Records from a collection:
>>
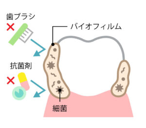 このバイオフィルムの中では、虫歯菌や歯周病菌が活発に活動しています。
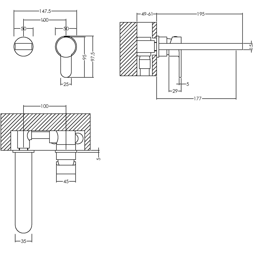 nuie Chrome Wall Mounted 2 Tap Hole Basin Mixer
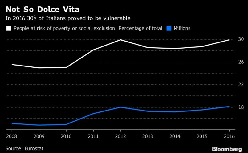 Jak donoszą Lorenzo Totaro oraz Giovanni Salzano w serwisieBloomberg, w ubiegłym roku prawie jeden na trzech Włochów znalazł się w grupie zagrożenia. We Włoszech od czasu kryzysu finansowego w 2008 r. liczba osób, które mogą zostać dotknięte ubóstwem, powiększyła się o ponad 3 miliony. To największy wzrost w Europie. Mimo tego, że gospodarka kraju podniosła się z kryzysu, niekorzystna tendencja wciąż się pogłębia.
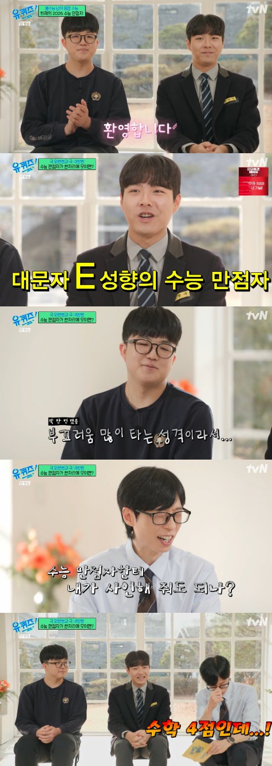 이에 유재석은 "내가 수능 만점자한테 사인을 해줘도 되나? 수학 4점인데..."라면서 민망해해 웃음을 자아냈다.
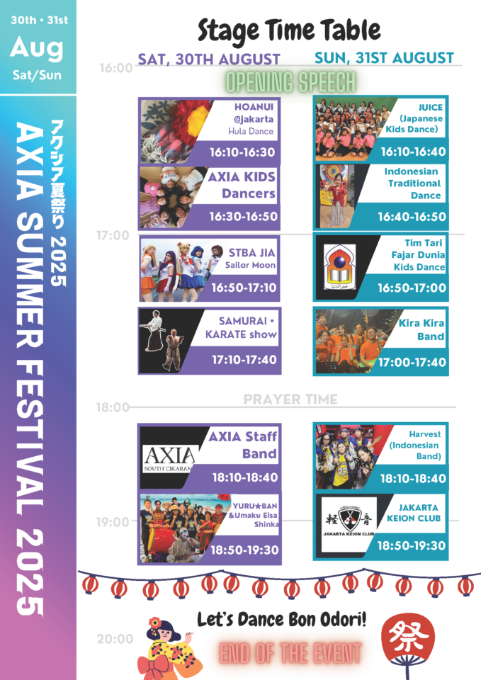 和太鼓、エイサー、ダンス、バンド演奏など、インドネシアと日本の魅力が融合したステージは必見です!👀ラストは、みんなで盆踊りを楽しみましょう!
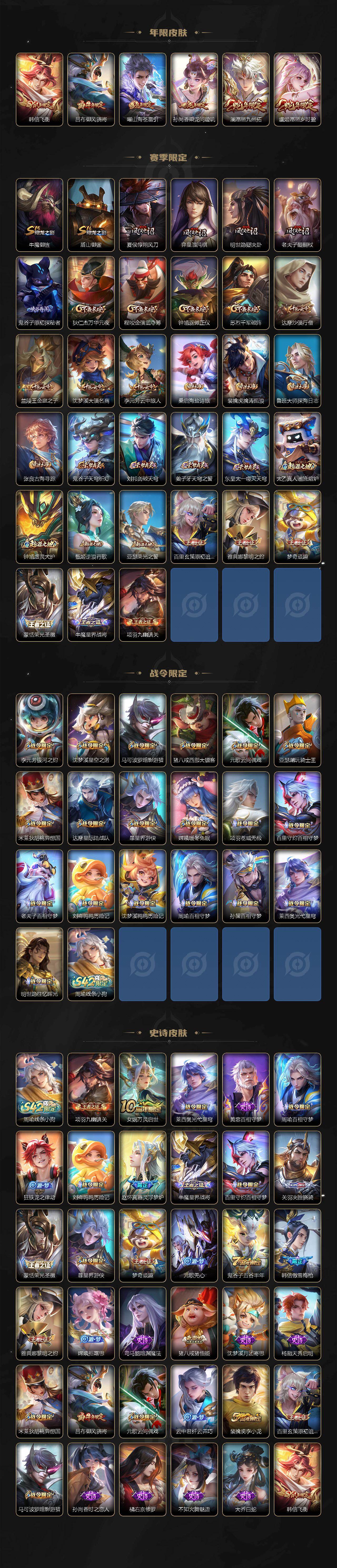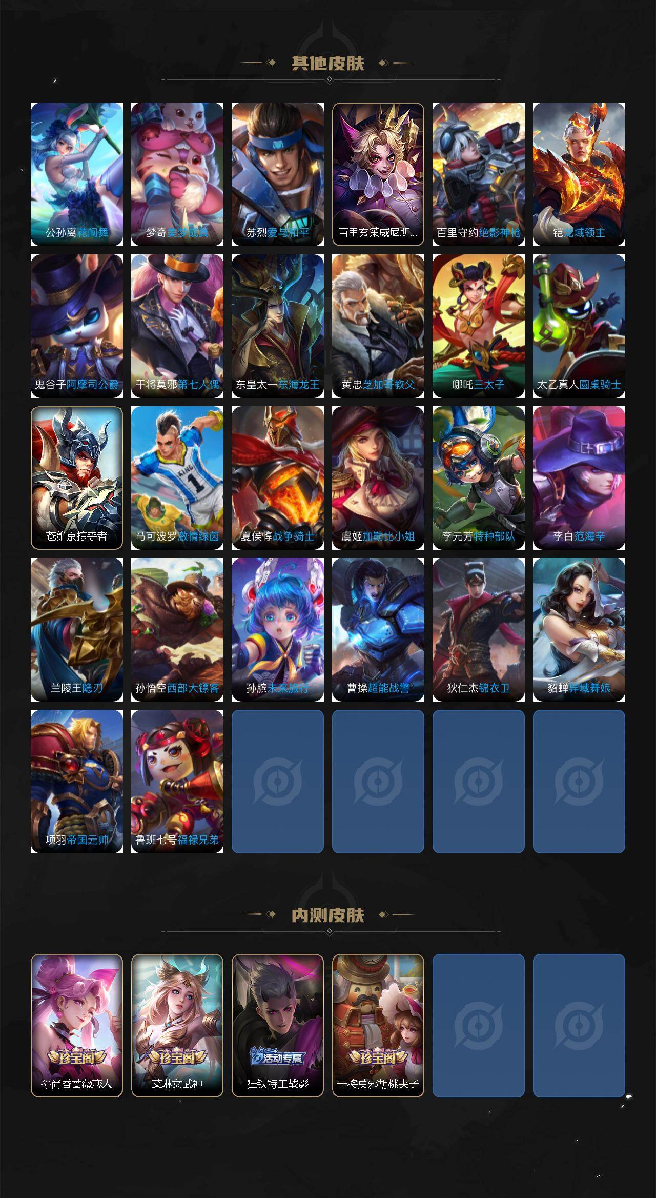 【传说皮肤】:云缨神骥越千峰,后羿神树通天,澜愿照九州拓,虞姬愿照岁时盈,云缨幻光神枪,裴擒虎祥瑞亨通,孙尚香乘龙问璇玑,曜山海苍雷引,镜炽阳神光,曜云鹰飞将,干将莫邪久胜战神,宫本武藏地狱之眼,孙悟空地狱火
<<
Exercise: Only the lines from the one containing "和太鼓、エイサー、ダンス、バ" through the last line of the entries above, both included, belong in the answer, written out exactly; pictures do not.

Answer for the task:
 和太鼓、エイサー、ダンス、バンド演奏など、インドネシアと日本の魅力が融合したステージは必見です!👀ラストは、みんなで盆踊りを楽しみましょう!
 【传说皮肤】:云缨神骥越千峰,后羿神树通天,澜愿照九州拓,虞姬愿照岁时盈,云缨幻光神枪,裴擒虎祥瑞亨通,孙尚香乘龙问璇玑,曜山海苍雷引,镜炽阳神光,曜云鹰飞将,干将莫邪久胜战神,宫本武藏地狱之眼,孙悟空地狱火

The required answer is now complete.